Writing Evals

This guide covers the complete syntax for writing evals, from basic tests to complex multi-validator scenarios.

File Structure

Evals are defined in YAML files. Each file can contain multiple eval definitions:

# eval_search.yaml
- name: basic_search
  description: Test basic product search
  runnable: agents/search.py::search_agent
  
  params:
    prompt: "Find me a laptop"
  
  output:
    contains!: "laptop"
    type!: "string"

- name: search_with_filters
  description: Test search with price filters
  runnable: agents/search.py::search_agent
  
  params:
    prompt: "Find laptops under $1000"
  
  output:
    pattern!: "\\$\\d+"

Eval Definition

Required Fields

- name: my_eval_name
  runnable: path/to/agent.py::agent_name

Eval names must be unique across all eval files in your project.

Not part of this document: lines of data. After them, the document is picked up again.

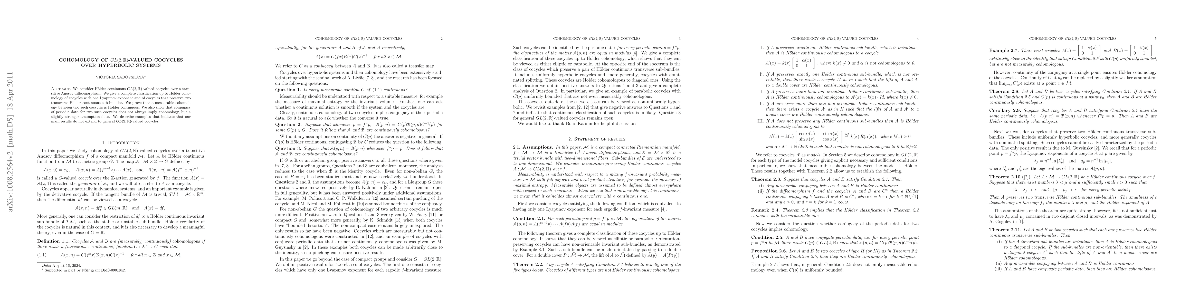 This paper classifies Holder continuous GL(2,R)-valued cocycles over transitive Anosov diffeomorphisms up to Holder cohomology, showing measurable cohomology between such cocycles is also Holder continuous. It demonstrates that conjugacy does not always imply cohomology, but a stronger assumption does.
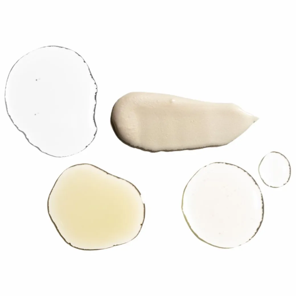 If you’re using all products in the gift set, apply the Fractionated Eye Contour Concentrate to the eye contour first. Apply the Multi-Molecular Hyaluronic Complex to freshly cleansed skin, before following with the Photography Fluid, Opacity 12% for photo-ready skin. Cleanse the face during the evening with the Low-Viscosity Cleaning Ester.
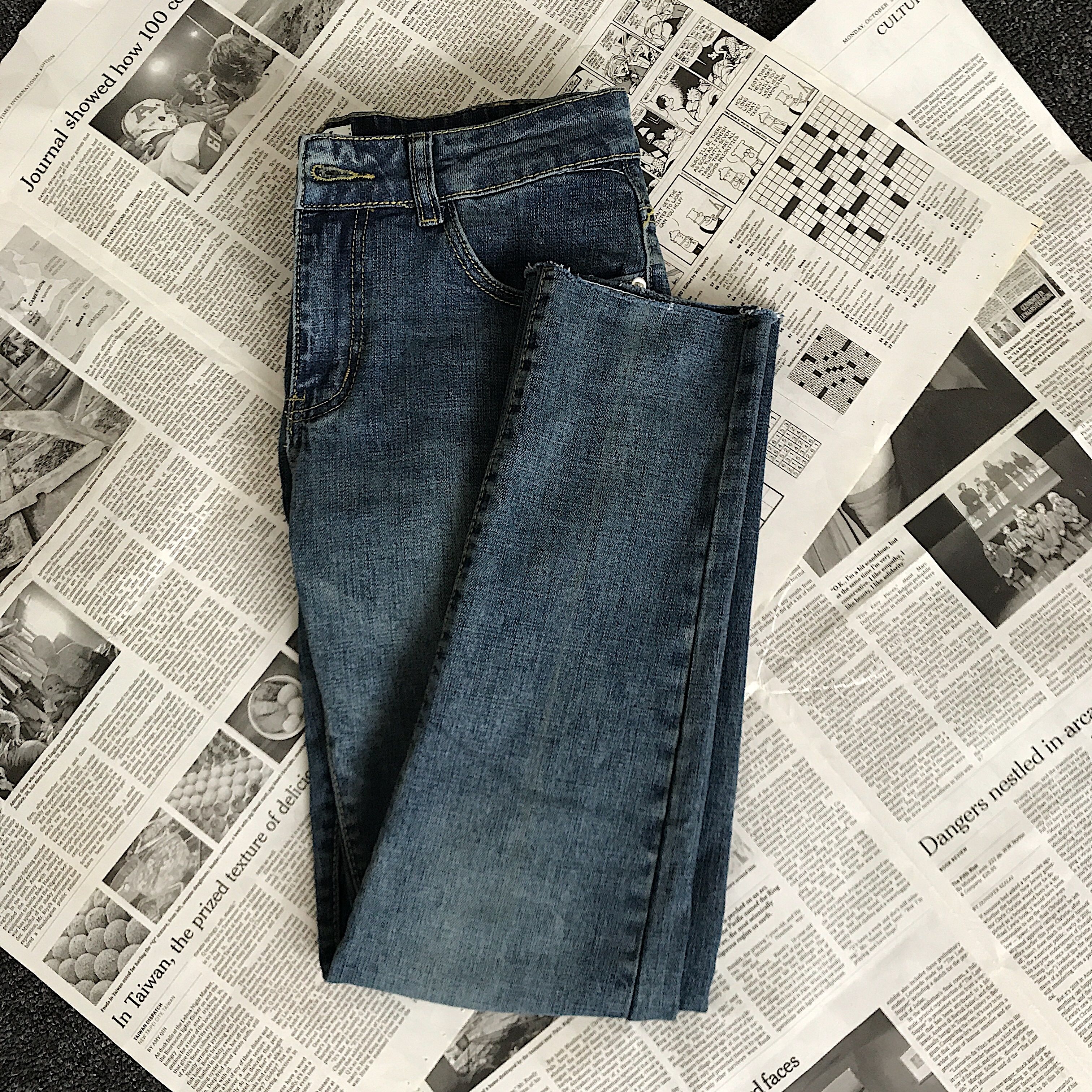 高腰设计,拉长身材比例。高腰牛仔裤,显瘦显腿长。直筒裤型,修饰腿部线条。
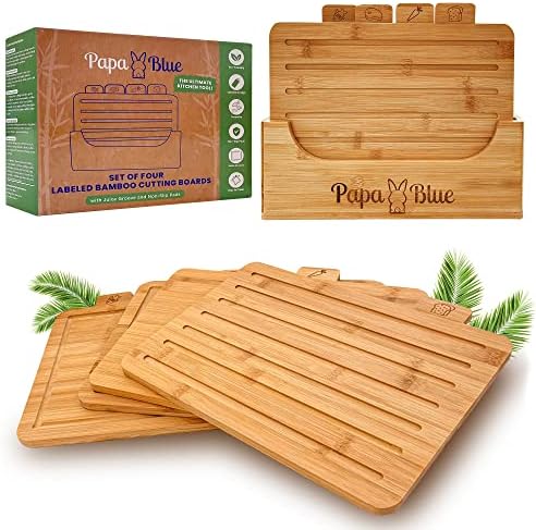 Introducing this beautiful Bamboo Cutting Board Set By Papa Blue. The perfect kitchen accessories. Crafted from 100% natural bamboo, this labeled set of 4-piece act as an easy organizer. This bamboo set of chopping board is eco-friendly, extra durable, and makes your countertop beautiful and your kitchen meal prep a breeze. The stylish cutting board holder adds elegance.Perfect as house warming gifts, anniversary gift or cute set for your kitchen. From chopping fruits to juicy meats, Papa Blue does it all! Elevate your cooking experience today.
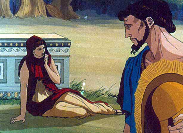 | Anterior | Inicio | Seguinte " ... Continuamos a nosa viaxe costeando o Epiro ata chegar á cidade de Butroto. Alí enterámonos de que Heleno, fillo de Príamo, reinaba en Grecia e ocupaba o solio de Pirro, e que casara coa viuva de Héctor Andrómaca. Por casualidade estaba esta ofrecendo dones fúnebres ó seu primer esposo nun bosque sagrado cando, ó verme chegar, caeu desmaiada pensando que era unha pantasma. Cando volveu en sí relatoume todas as súas desgracias ..." |
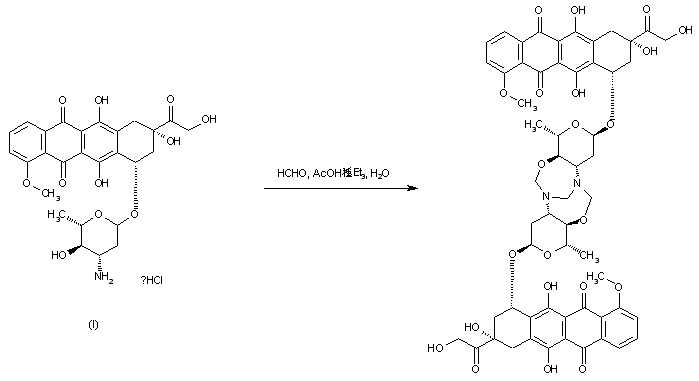 The title compound is obtained by dimerization of epidoxorubicin hydrochloride (I) in the presence of an excess of formaldehyde in a triethylammonium acetate buffer at pH 6. (1-3)
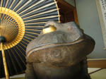 その様な歴史を見ている豪商安藤家にいる木彫りのカエル君。
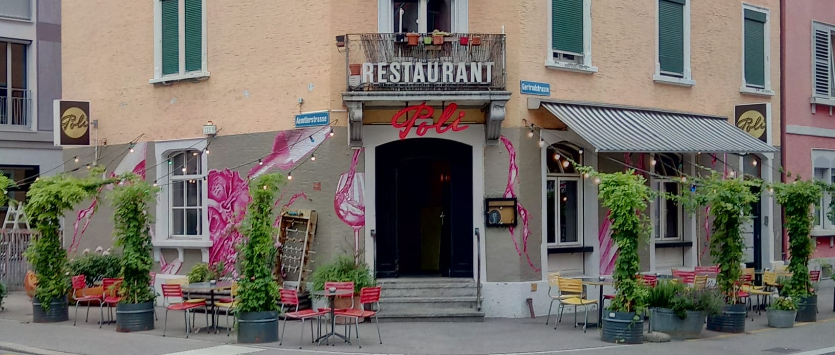 Project planning, design concept and visualization of the new façade design of Poli bar, Zurich.

The CLI will error if duplicate names are found.

Optional Fields

- name: complete_example
  description: "A thorough test of greeting behavior"
  runnable: agent.py::agent
  tags:
    - greeting
    - smoke-test
  timeout: 30000            # Milliseconds
  env:
    API_KEY: "test-key"
  
  params:
    prompt: "Hello"
  
  output:
    semantic!: "Friendly greeting"
  
  elapsed:
    lt!: 5000

Params Structure

The params field contains input parameters passed to your runnable:

Simple Prompt

params:
  prompt: "What's the weather like?"

With Messages

params:
  messages:
    - role: user
      content: "What's the weather like?"

Additional Parameters

Pass any additional parameters your agent accepts:

params:
  prompt: "Search for products"
  max_results: 10
  include_reviews: true
  category: "electronics"

Validating Output

The output section validates the final response from your agent:

output:
  not_null!: true
  type!: "string"
  min_length!: 10
  contains!: "success"
  not_contains!: "error"
  pattern!: "Order #\\d{6}"
  semantic!: "A confirmation message with order details"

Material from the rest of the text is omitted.